I once watched a mid-aisle display of Prego spaghetti sauce come crashing down as if it were held up by my beliefs alone.
Let’s get religious for a second. (As if everything I’ve said so far hasn’t passed over the rotten mishmash of Sunday school platitudes I carry around inside my bowels.) God's instructions on grocery shopping are, at best, little mixed-message. Are we supposed to store up food for the winter like the wise and noble ant (Proverbs 30:25)? Or are we supposed to live kernel-to-kernel like the hey-let's-all-just-have-a-good-time-out-here birds of the air (Matthew 6:26)? Per usual, we have to decide for ourselves. Most of the food in our apartment is going bad. We do not understand the functionality of the crisper drawer. Lately I've been eating inside the grocery store. There is a small dining area. I buy a salad and some juice. Steal a few almonds. I'm cutting out the middle man and shoving groceries directly into my mouth.
A quick peak behind writer's curtain: At this point I have repeated the word "grocery" so many times it has stopped sounding like a word that means something. Excess leads to meaninglessness. (I was wrong: this is an object lesson.) "Grocery" is a piece of gum I keep chewing on that has lost its flavor.
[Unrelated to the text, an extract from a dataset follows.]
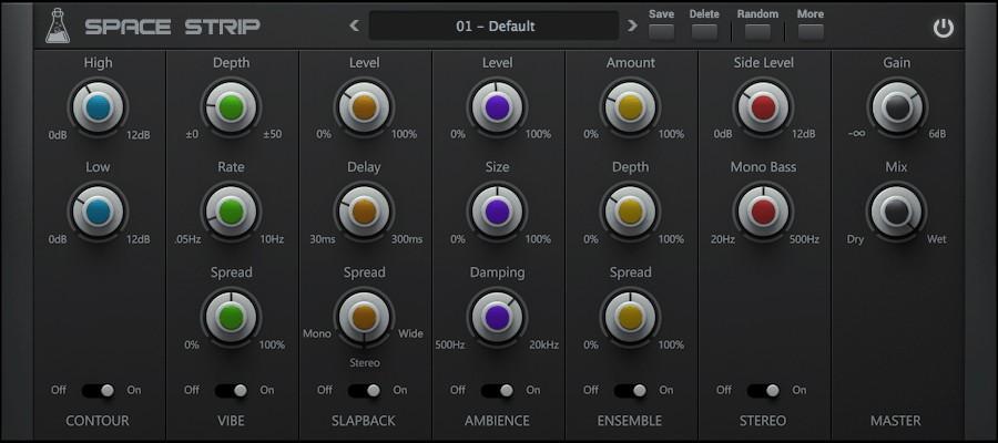 Space Strip ist ein Multi-Effekt bestehend aus sechs Modulen, die sich per Drag & Drop in beliebiger Reihenfolge kombinieren lassen. ''Contour'' ist ein 2-Band-Equalizer, der sich mit max. 12 dB-Boost um die Tiefen und Höhen kümmert, während ''Vibe'' den Vibrato-Effekt inklusive Panorama-Steuerung generiert. Weiter geht's mit ''Ambience'' - dem Hall-Effekt, der die Hallfahnen-Dauer und die Frequenz-Dämpfung als Steuer-Instanzen bietet. Der Delay-Effekt wird hier als ''Slapback'' bezeichnet, während ''Ensemble'' für den mehrstimmigen Chorus steht. Abgerundet wird das Featureset mit dem Parameter ''Stereo'', der neben der Bass-Schwelle einen Side-Gain für mehr Breite bietet.

I'm looking for a trashcan like a responsible shopper. Soon I might have to settle for the bottom of someone's shoe. When I say "grocery" in my head, all I hear is gross.
But how about just a little more for the sake of excessiveness? For the sake of more-than-necessary? We will never get to the bottom of this anyway. Underneath the bananas there are more bananas. And if we run out of those bananas, there are bananas in the back. On aisle nine there are five dozen Marie Calendar Chicken Pot Pies about to go on manager's SuperSale. In the sea food department there is a pile of jumbo shrimp that’s bigger than your body. Behind the fish oil supplements there are more fish oil supplements. You take a bottle and another bottle appears. They fill in from the back. Spring-loaded. Life is sad and empty but you don't need to worry about your fish oil supplements. And you don't need to worry about your shrimp. Listen. There are plenty of bananas to go around. Have a banana. They’re not infinite but we can pretend. (Also, have you seen the size of these grapes?!) This might not be the paradise we wanted, but it’s the one next door. We have everything we need here to be OK. The brand of milk J and I buy is called “Promised Land.”